Note that $(-1)^{2n}$ is a subsequence that converges to $1$ and $(-1)^{2n + 1}$ a subsequence that converges to $-1$. Contradiction.
This does not exist. If you have a sequence $\{x_n\}$, then if $x_n \rightarrow l$, for any open interval $I$ with $l\in I$, $x_n\in I$ for all but finitely many $n$. Intuitively, any open interval containing the limit must "eventually absorb" the sequence.
Your sequence has no such behavior. If you take the interval $(.9, 1.1)$, we hve $x_n\not\in I$ if $n$ is odd. Likewise, taking a small interval around $-1$ results in $x_n$ failing to be in that interval if $n$ is even.
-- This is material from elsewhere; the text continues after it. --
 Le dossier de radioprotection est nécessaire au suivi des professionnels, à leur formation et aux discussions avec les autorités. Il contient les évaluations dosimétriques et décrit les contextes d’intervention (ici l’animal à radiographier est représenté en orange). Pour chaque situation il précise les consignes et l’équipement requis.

There is no point you can pick to eventually absorb the sequence, and therefore there is no limit.
A limit of a sequence exists when there is a number $L$ such that for every $\epsilon>0$ there is some $N\in\mathbb N$ such that for every $n>N$ we have $|a_n-L|<\epsilon$.
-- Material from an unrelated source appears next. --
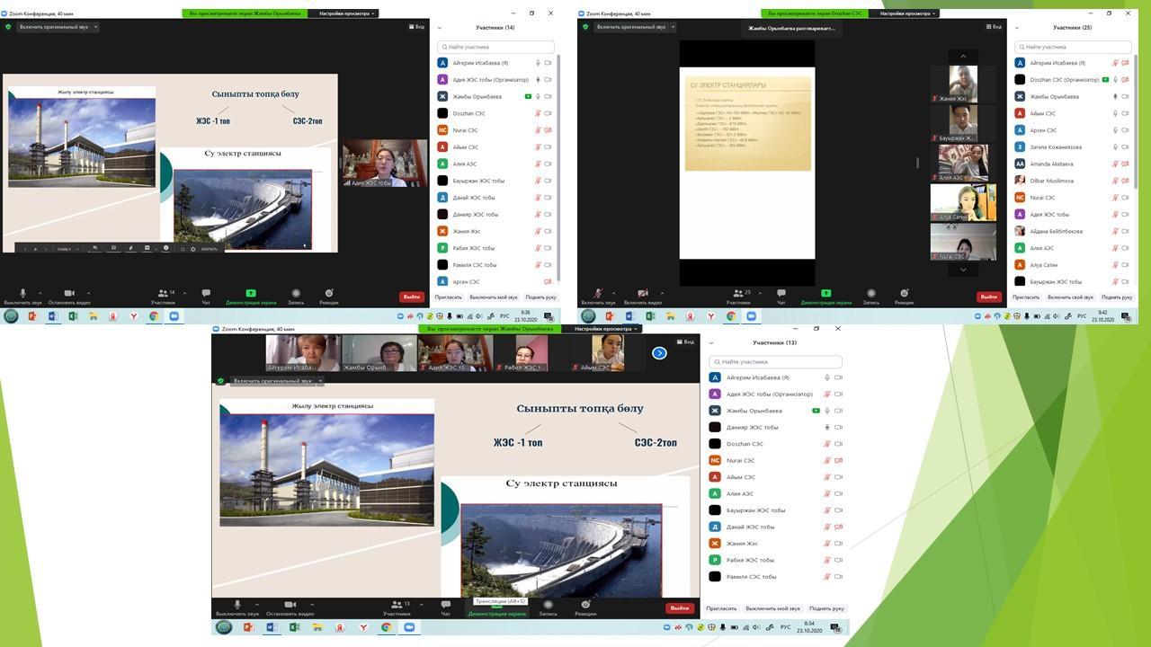 23.10.2020 күні 11 А сынып оқушыларымен физика сабағынан «Электр энегиясын өндіру, жеткізу, тұтыну» тақырыбында ашық сабақ өтті. Сабақта  жана педагогикалық технология элементтерін  пайдаланылды, оқушылар өздік ізденденгендерін көрсетіп, есептер шығаруда  алған білімдерін  қолданып, тақырыптың өмірмен байланысын баяндау кезінде ойларын еркін  жеткізе білді.

The limit is infinite if for every $M>0$ there is some $N\in\mathbb N$ such that for all $n>N$ we have $a_n>M$.
In this case $a_n=(-1)^n$, which takes two values: $1,-1$.
We do not even need our counterexample $\epsilon$ to be small, just set $\epsilon=1$. Then for every number $L$ we have:
If $|1-L|<1$ then $|-1-L|\ge 1$, and if $|-1-L|<1$ then $|1-L|\ge 1$.
Therefore for every $N\in\mathbb N$ either $a_{N+1}$ or $a_{N+2}$ is of at least distance of $1$ from $L$, for any given $L$.
The limit cannot be infinite either, for obvious reasons.
We are therefore left only with the possibility that the limit does not exist.